-- Problem to solve --
Each line of the data below between the one containing "2023年4月19日,正大集" and the one containing "導讀 大家好,小金來為大家解", both included, is to be repeated exactly. Please omit pictures.

-- Data in this exercise --
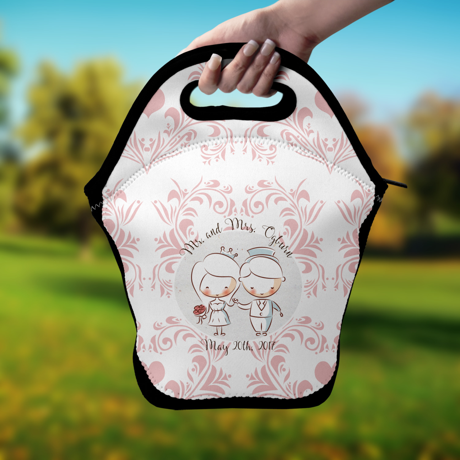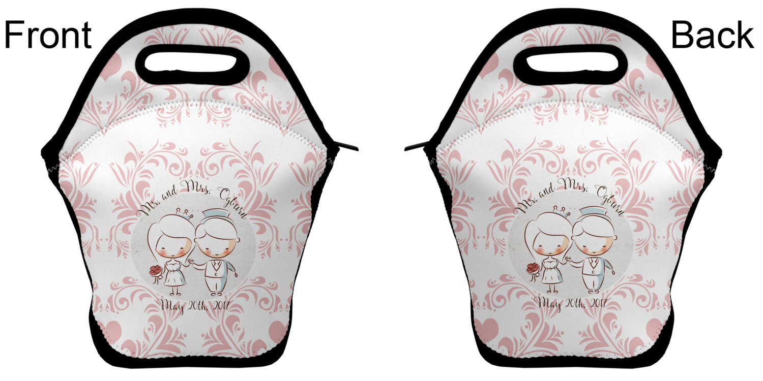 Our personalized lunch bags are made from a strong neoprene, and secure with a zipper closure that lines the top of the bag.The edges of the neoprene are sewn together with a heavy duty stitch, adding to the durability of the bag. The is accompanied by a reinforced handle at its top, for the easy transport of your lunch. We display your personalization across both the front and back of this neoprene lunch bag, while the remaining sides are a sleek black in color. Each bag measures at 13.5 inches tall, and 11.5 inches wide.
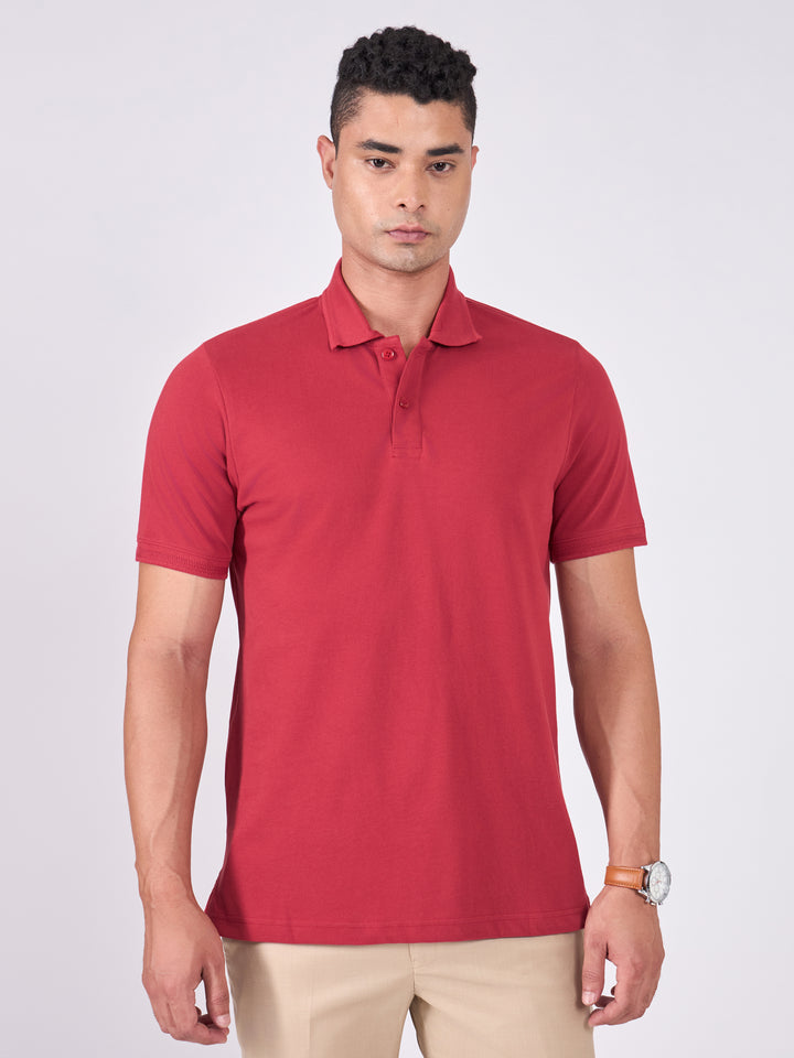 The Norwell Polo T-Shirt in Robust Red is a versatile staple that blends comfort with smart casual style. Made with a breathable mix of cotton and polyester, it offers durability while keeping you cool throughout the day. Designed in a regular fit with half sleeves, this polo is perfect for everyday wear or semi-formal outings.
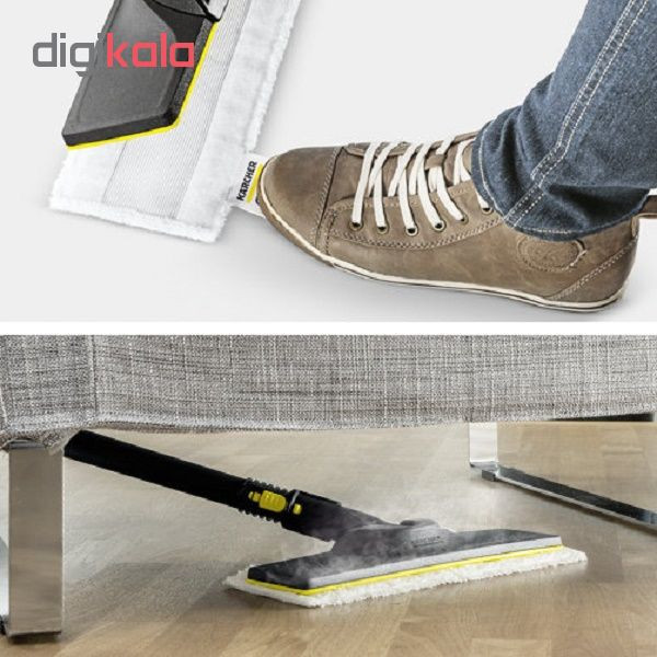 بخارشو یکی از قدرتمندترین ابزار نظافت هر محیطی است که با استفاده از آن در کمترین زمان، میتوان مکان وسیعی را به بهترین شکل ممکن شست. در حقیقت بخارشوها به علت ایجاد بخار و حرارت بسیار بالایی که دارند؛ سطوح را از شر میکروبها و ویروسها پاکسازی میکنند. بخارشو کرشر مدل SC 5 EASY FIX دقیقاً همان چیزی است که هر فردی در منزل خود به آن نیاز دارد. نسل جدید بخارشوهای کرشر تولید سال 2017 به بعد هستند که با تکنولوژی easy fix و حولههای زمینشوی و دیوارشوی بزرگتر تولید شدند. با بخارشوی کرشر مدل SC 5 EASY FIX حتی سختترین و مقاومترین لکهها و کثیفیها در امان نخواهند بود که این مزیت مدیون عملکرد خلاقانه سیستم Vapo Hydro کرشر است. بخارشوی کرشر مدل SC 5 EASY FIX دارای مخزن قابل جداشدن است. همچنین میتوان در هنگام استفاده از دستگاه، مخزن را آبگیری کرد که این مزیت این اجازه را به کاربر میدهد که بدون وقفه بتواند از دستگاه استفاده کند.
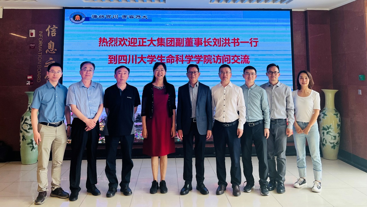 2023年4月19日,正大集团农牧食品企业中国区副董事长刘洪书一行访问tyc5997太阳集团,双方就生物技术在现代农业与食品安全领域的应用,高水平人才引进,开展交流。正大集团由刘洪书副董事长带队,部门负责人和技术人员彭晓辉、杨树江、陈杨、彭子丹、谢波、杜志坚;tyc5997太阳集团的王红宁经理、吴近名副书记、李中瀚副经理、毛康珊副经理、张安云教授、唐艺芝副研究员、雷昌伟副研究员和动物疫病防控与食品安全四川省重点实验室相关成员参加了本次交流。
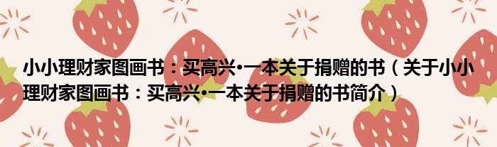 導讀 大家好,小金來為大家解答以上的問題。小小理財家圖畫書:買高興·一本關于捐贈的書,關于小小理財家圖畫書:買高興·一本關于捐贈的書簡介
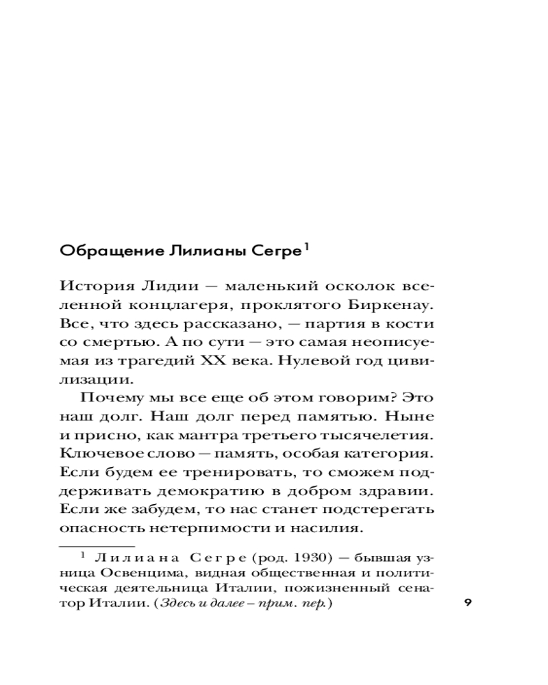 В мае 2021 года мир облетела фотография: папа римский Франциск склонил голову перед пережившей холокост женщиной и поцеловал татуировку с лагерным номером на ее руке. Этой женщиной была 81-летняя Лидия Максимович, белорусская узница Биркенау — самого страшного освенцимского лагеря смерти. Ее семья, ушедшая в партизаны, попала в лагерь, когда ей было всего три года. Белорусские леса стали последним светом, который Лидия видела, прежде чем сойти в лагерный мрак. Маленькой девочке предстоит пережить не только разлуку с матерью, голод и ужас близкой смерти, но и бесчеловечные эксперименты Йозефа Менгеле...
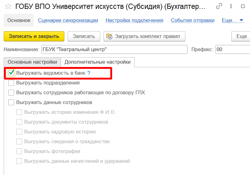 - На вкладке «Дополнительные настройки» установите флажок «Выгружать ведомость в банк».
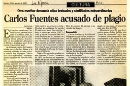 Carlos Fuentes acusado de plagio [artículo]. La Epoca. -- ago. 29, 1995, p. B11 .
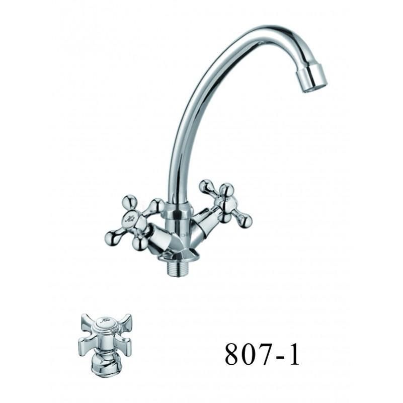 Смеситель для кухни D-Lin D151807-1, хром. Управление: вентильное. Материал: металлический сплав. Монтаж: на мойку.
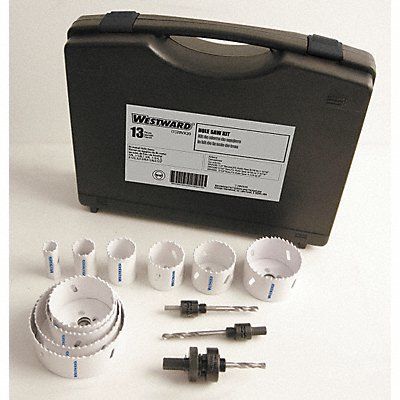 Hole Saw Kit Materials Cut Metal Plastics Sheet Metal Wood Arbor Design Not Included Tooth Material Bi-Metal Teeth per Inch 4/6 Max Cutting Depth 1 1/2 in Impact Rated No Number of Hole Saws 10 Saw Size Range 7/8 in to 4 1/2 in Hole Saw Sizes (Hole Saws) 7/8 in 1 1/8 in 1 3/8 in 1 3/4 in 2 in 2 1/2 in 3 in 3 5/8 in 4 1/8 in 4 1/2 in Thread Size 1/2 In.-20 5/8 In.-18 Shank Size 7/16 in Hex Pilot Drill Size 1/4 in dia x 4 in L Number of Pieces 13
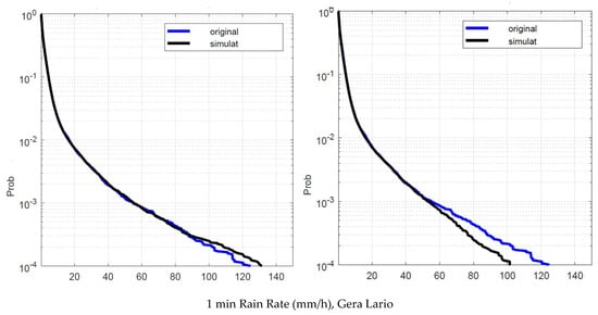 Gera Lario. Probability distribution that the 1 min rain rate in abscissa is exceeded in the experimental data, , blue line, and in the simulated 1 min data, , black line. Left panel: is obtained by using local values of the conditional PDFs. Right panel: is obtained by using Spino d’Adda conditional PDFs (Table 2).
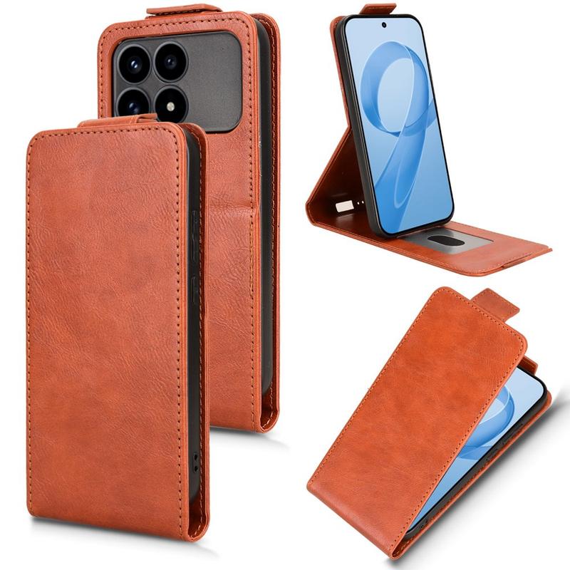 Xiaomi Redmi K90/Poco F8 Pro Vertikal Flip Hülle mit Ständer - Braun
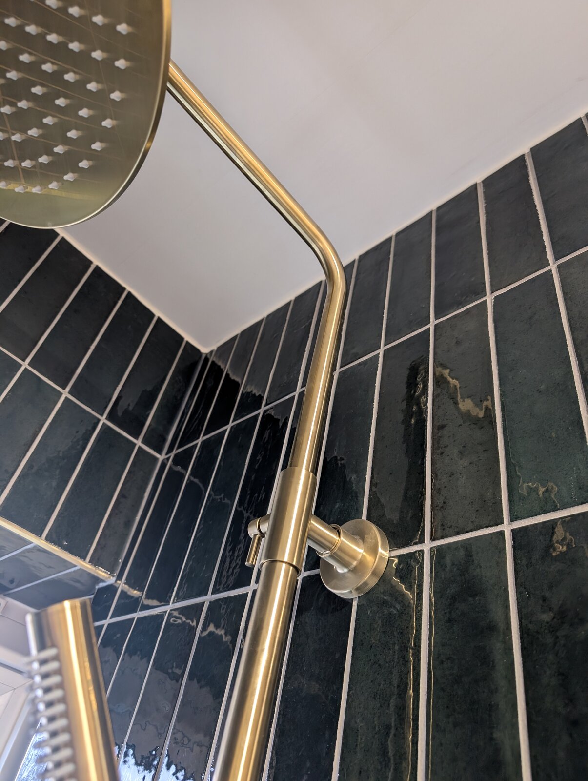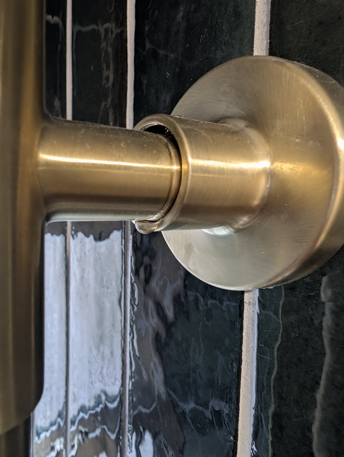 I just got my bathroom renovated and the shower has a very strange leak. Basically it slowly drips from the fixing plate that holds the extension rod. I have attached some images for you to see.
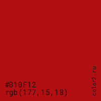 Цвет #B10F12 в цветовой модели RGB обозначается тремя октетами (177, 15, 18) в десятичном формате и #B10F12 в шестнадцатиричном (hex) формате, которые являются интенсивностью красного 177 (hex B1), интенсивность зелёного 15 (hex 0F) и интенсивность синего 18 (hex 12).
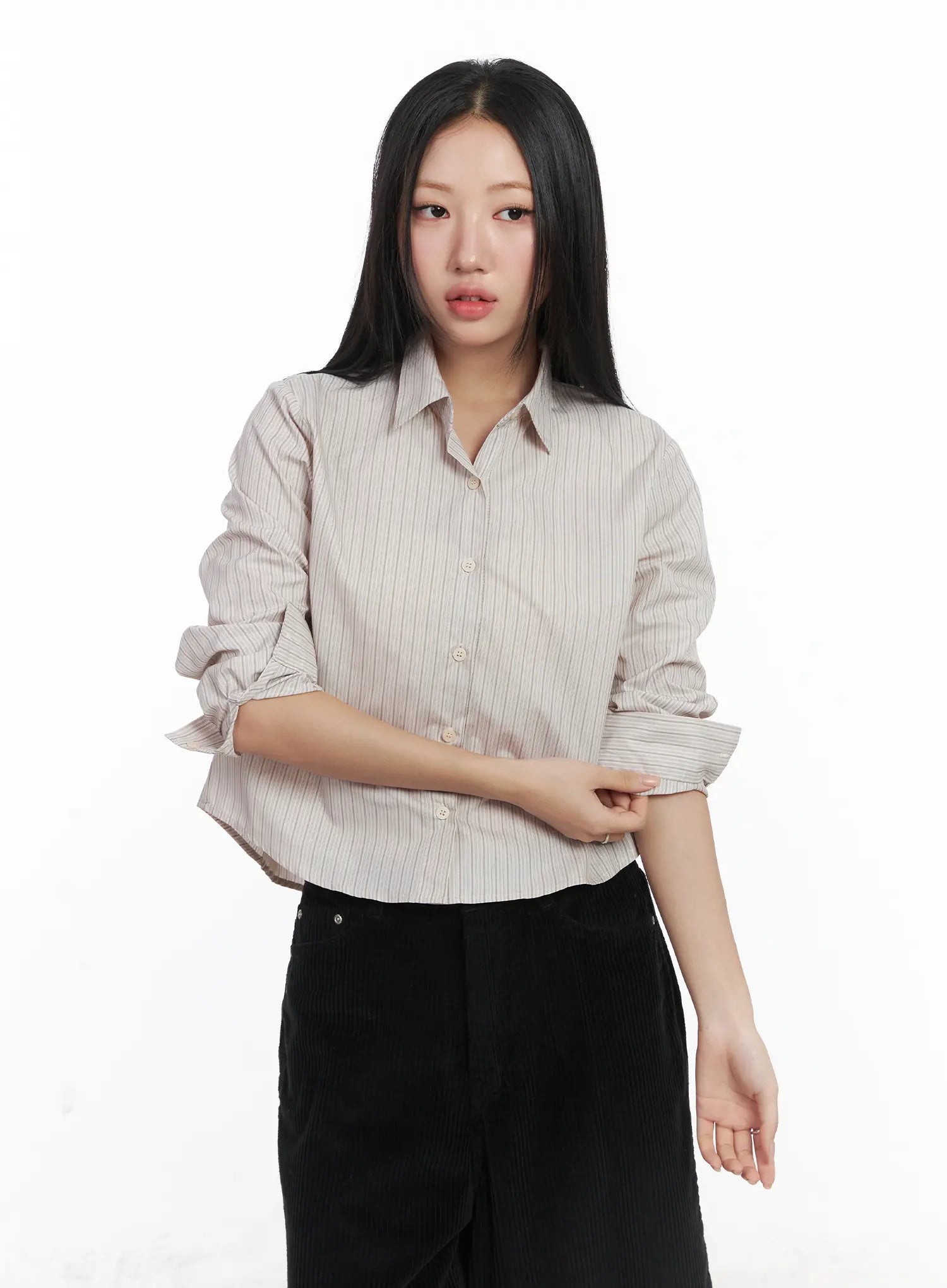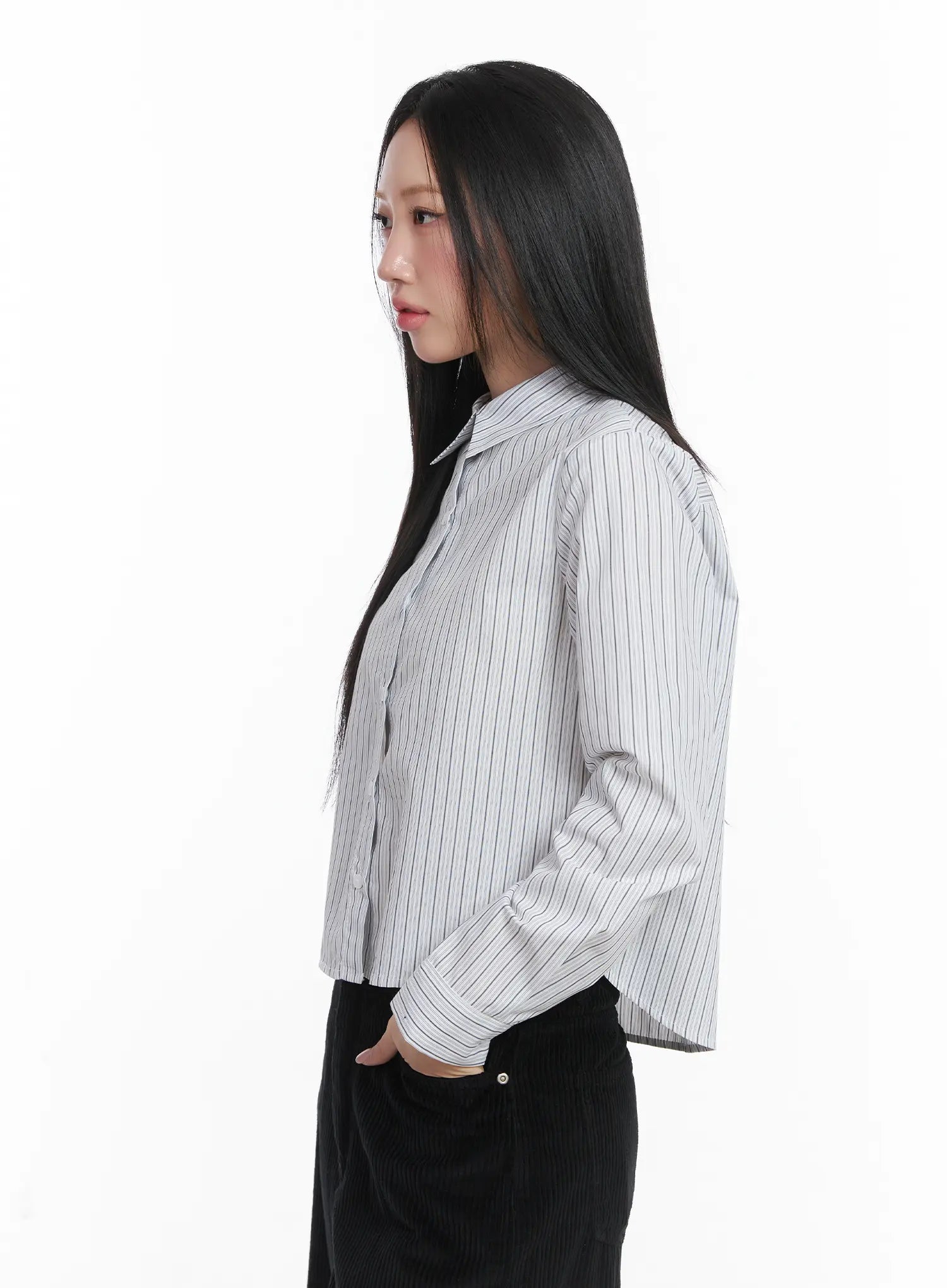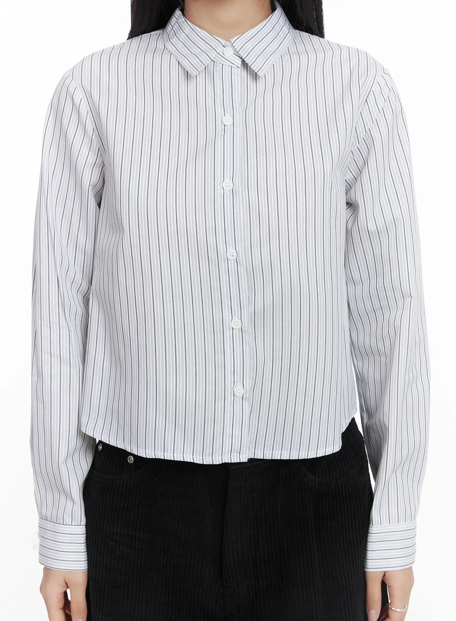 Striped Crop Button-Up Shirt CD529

-- Reply --
 2023年4月19日,正大集团农牧食品企业中国区副董事长刘洪书一行访问tyc5997太阳集团,双方就生物技术在现代农业与食品安全领域的应用,高水平人才引进,开展交流。正大集团由刘洪书副董事长带队,部门负责人和技术人员彭晓辉、杨树江、陈杨、彭子丹、谢波、杜志坚;tyc5997太阳集团的王红宁经理、吴近名副书记、李中瀚副经理、毛康珊副经理、张安云教授、唐艺芝副研究员、雷昌伟副研究员和动物疫病防控与食品安全四川省重点实验室相关成员参加了本次交流。
 導讀 大家好,小金來為大家解答以上的問題。小小理財家圖畫書:買高興·一本關于捐贈的書,關于小小理財家圖畫書:買高興·一本關于捐贈的書簡介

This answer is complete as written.